This is actually the first robert miles cd I've purchased, and I'm glad it was. I almost bought the preceeding release, 23am, but was spending most of my money on another genre.

Here, Robert explores his ethnic side with help from Nitin Sawhney, Dhruba Gosh, Trilok Gurtu, Bill Laswell, the London Session Orchestra and others. But it wasn't the music that made me buy the album, it was the sublime cover art. It spoke volumes about the nature of the cd, dark and angry at times with strange new energies to explore.

People familiar with Miles' previous work may not like this new effort pressed by Shakti Records because it's completely original and involving, unlike all that club-crap of year's past.

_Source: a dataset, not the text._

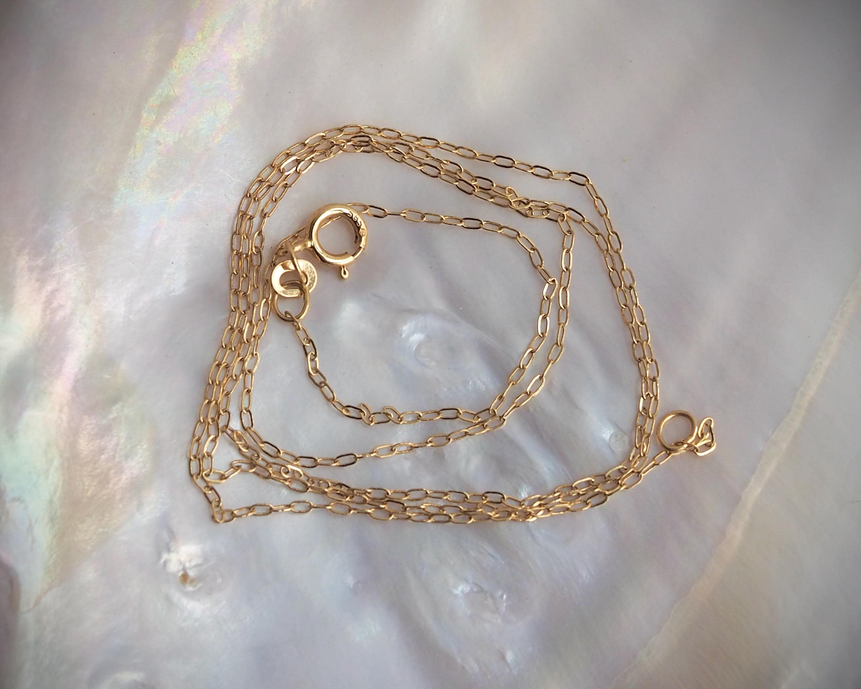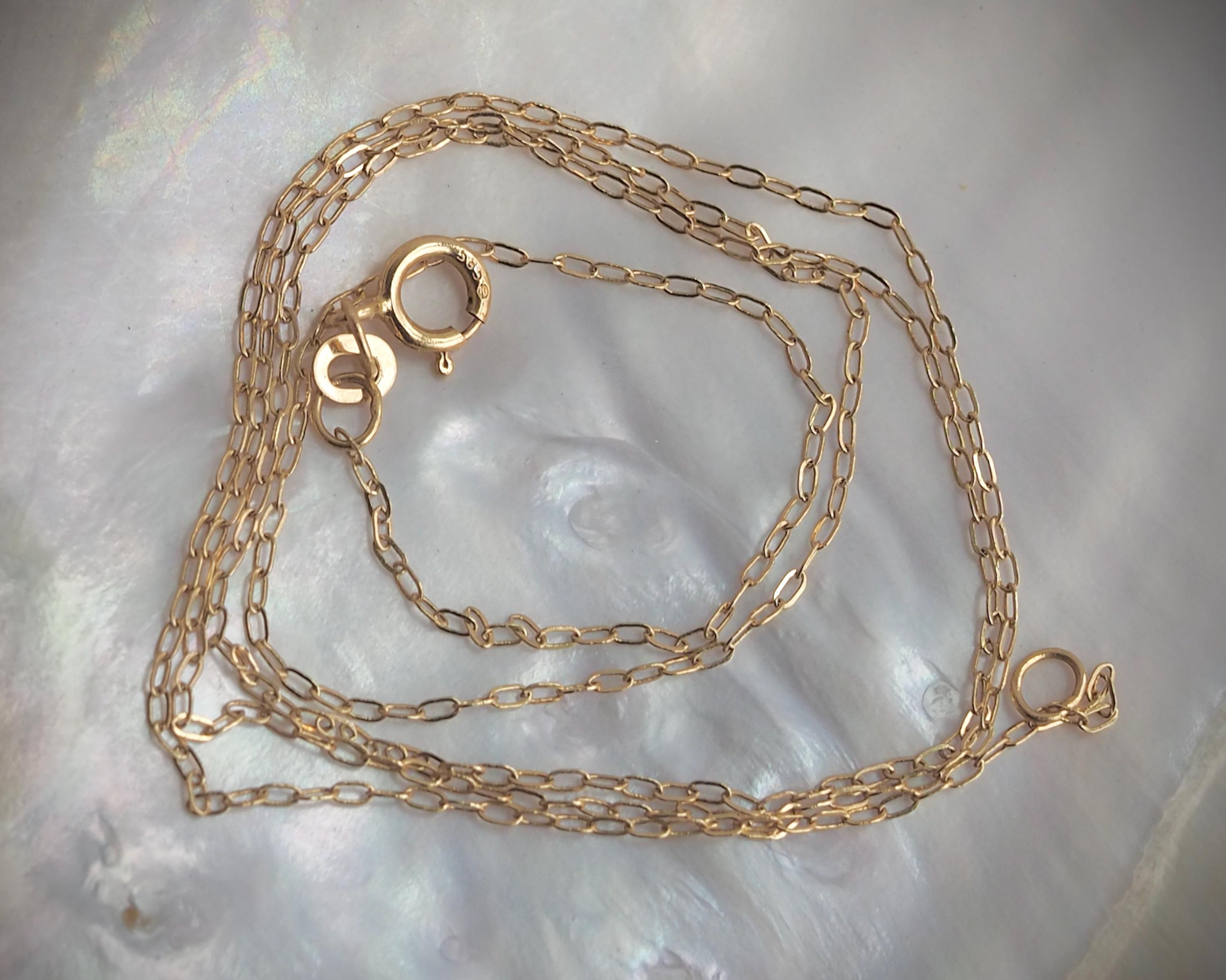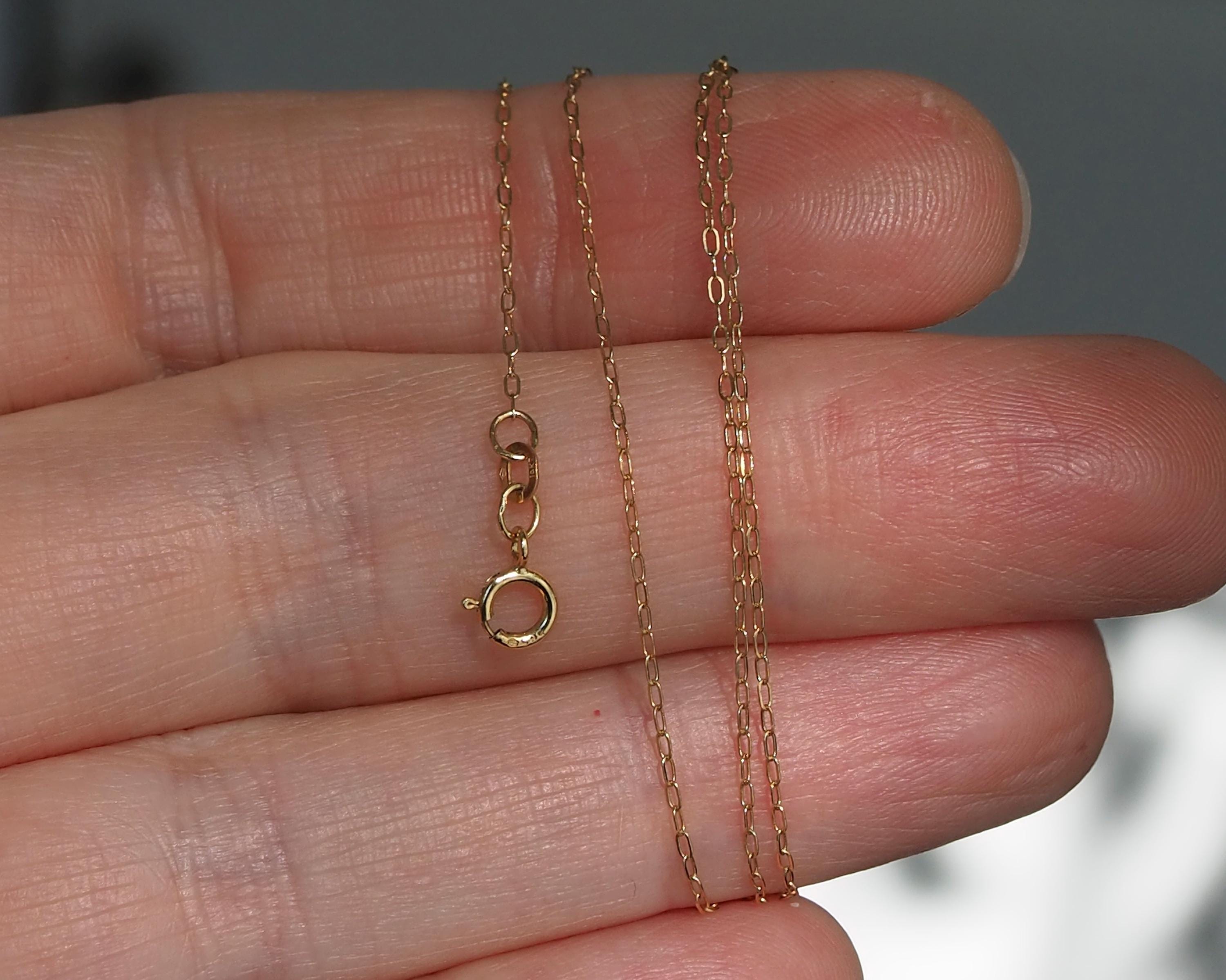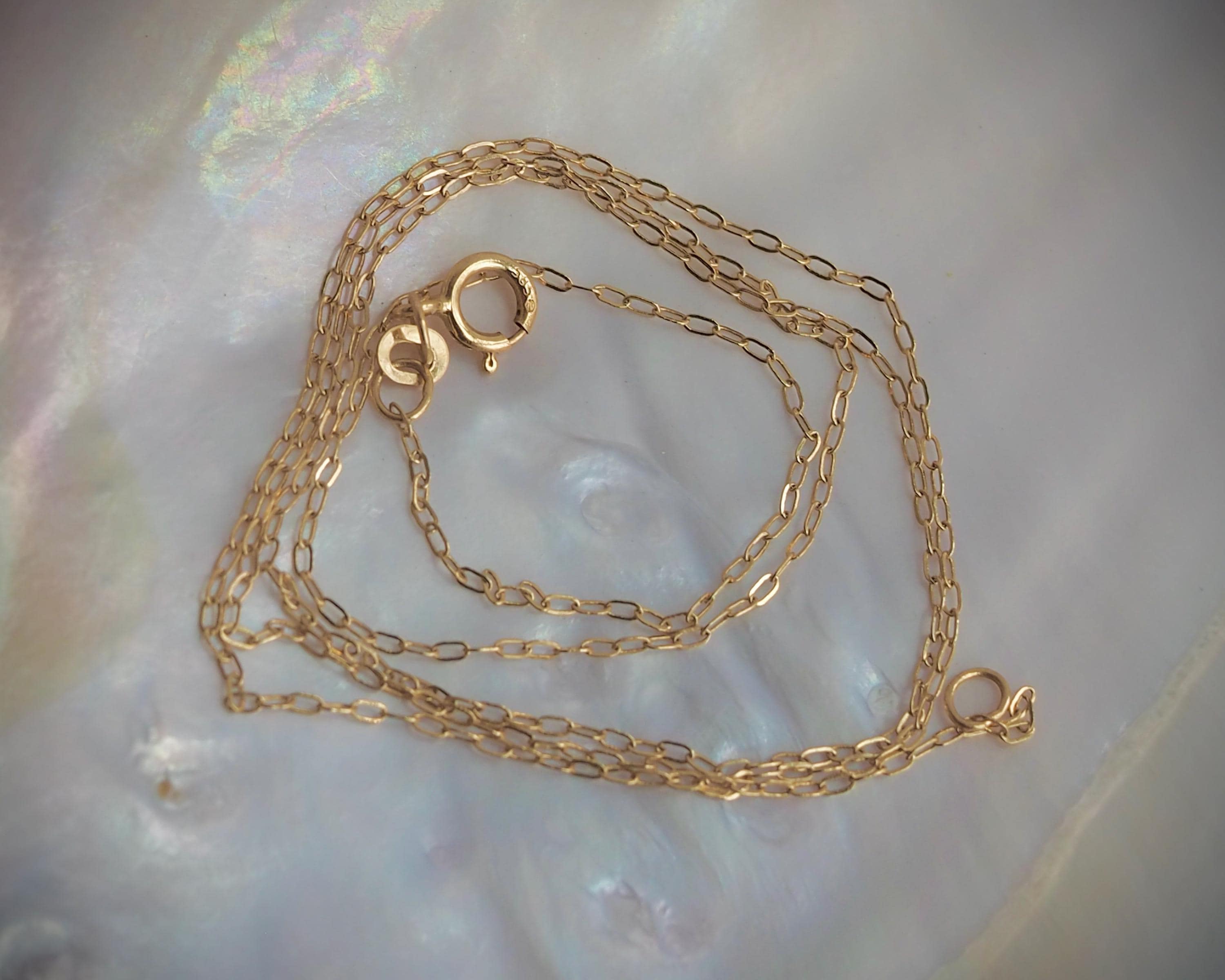 Solid 14k yellow gold 1.1mm wide cable chain with flat oval links, 16 inches long, with spring ring clasp. A staple in jewelry, this oval cable chain gives has a classic look well-suited for small pendants and charms.

But of course, this is what happens when you get the aforementioned players in one studio. Straying from the techno-ambient-club aesthetic that Miles' is most well known for, he takes a more 'organik' route with guitars, sarangi and orchestral grooves. Epic in overtones and possessing a driven quality underneath, Organik follows no formulas or genre rules. The outer limits are explored in "It's All Coming Back," a spliff that could slip into the next X-Files flick with ease, while "Trance Shapes" reveals the dark secret that the government was hiding...

The Men in Black theme continues with Laswell's inspired and shadowy bassline in "Release Me," prepping you for the full realization of Gurtu's, Miles' and Laswell's genius in "Improvisations (Parts 1 & 2)."

This cd is a must for anyone looking for something to inspire the dark and gloriously weird side of that lives in us all.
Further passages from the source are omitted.